I try and get in the habit of starting new conversations regularly and starting from a clean prompt to summarise where I am since most of the previous context will become irrelevant.

Problem 4: It can’t tell the difference between “easy” and “correct”

I was asking how to ssh into an OPNSense VM since it didn’t seem to work. ChatGPT sent me down a hole about enabling and starting the sshd service (which didn’t work) but each rebuttal digs a deeper hole with more esoteric and potentially harmful instructions like adding symlinks, finding the executable, creating a service file etc. all of which might have been correct, but fortunately, I spotted the seemingly over-complicated answer, did a Google search instead and found out there is an option in the GUI to enable SSH. Dead quick and simple but for whatever reason, ChatGPT didn’t know.

Another scenario that ended up ruining my Ceph cluster and making me fear that I was going to need to install Proxmox involved over an hour of networking nonsense when the underlying issue was that a vLan had the wrong IP in it and the firewall didn’t include a new subnet I was using. An experience engineer would have asked some better questions about “did it ever work” etc. and then is likely to have said, “try the firewall first”. ChatGPT started coaching me on multicast floods and route tables, which was quite interesting but it felt like it should have been easier to get to the truth more quickly.
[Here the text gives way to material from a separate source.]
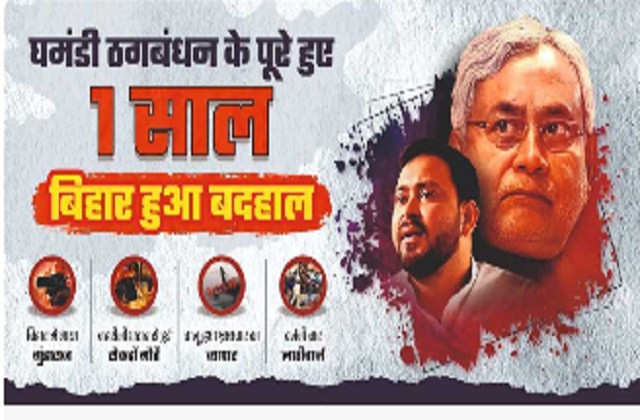 सम्राट चौधरी ने कहा कि बालू माफियाओं के आतंक से जनता और अधिकारी थर्रा उठी। बिहार पुलिस के मुताबिक राजधानी में लगभग हर दिन एक मर्डर होना आम हो गया। हिंदू समाज की आस्थाओं पर सरकार के बड़े नेताओं के अपमानजनक प्रहार होने लगे। शोभायात्राओं पर पथराव की घटनायें आम हो गयीं. राजनीतिक हत्याओं का दौर फिर से शुरू हो गया. यहां तक कि बेगुसराय और हाजीपुर जैसे शहरों में खुलेआम बीच सड़क पर गोलियां दागी गयी. लेकिन नीतीश जी के जमीर की नींद आज तक नहीं टूटी है। उन्होंने कहा कि दरअसल नीतीश कुमार अपने ईमान और अपनी अंतरात्मा दोनों का गला घोंट चुके हैं, न तो राजद के युवराजों की पालकी ढ़ोने में शर्म आती है और न ही उनमें सोनिया गांधी के सामने झुक कर जेपी के संघर्षों का मजाक उड़ाने में ग्लानी का भाव उत्पन्न होता है। बहरहाल नीतीश कुमार यह जान और मान लें कि सिर्फ ठगबंधन सरकार का एक वर्ष नहीं बीता है बल्कि हमेशा बैसाखी पर चलने वाली उनकी राजनीति का भी एक साल कम हो गया है। कुछ दिन और हैं उन्हें जितनी लाठियां और गोलियां चलवानी हों, चला लें। उनका घड़ा भर चुका है। आने वाले समय में बिहार की जनता और उनके अशुभचिंतक साथी उनका जो हाल करेंगे वह हर किसी के लिए एक उदाहरण होगा।

What I would prefer instead

I would LOVE it if people who maintain open-source software created AI powered help documentation. Rook io for example, has a load of helper scripts but no obvious route from the home page to, “This is exactly what you need to do to setup a rook cluster with external Ceph”. This was another thing that AI made into lots of manual steps, when all I needed was to run export-cluster.py and import-cluster.py pretty much! The Google search AI was much better and gave me about 5 instructions compared to the 30 that I was given by ChatGPT (and which didn’t work anyway)

Lastly, a big shout-out to the amazing people who build and maintain tools like ss, ip, grep and others, which are so powerful for debugging (once you learn the magic switches!) and mean that, at least on Linux, debugging things like ARP and route tables is childs play!

So more on the Proxmox stuff later. I am still trying to get OPNSense HA working (it semi-works :-) then I might knock up some more Production-quality videos about setting everything up and the pains I endured in the process!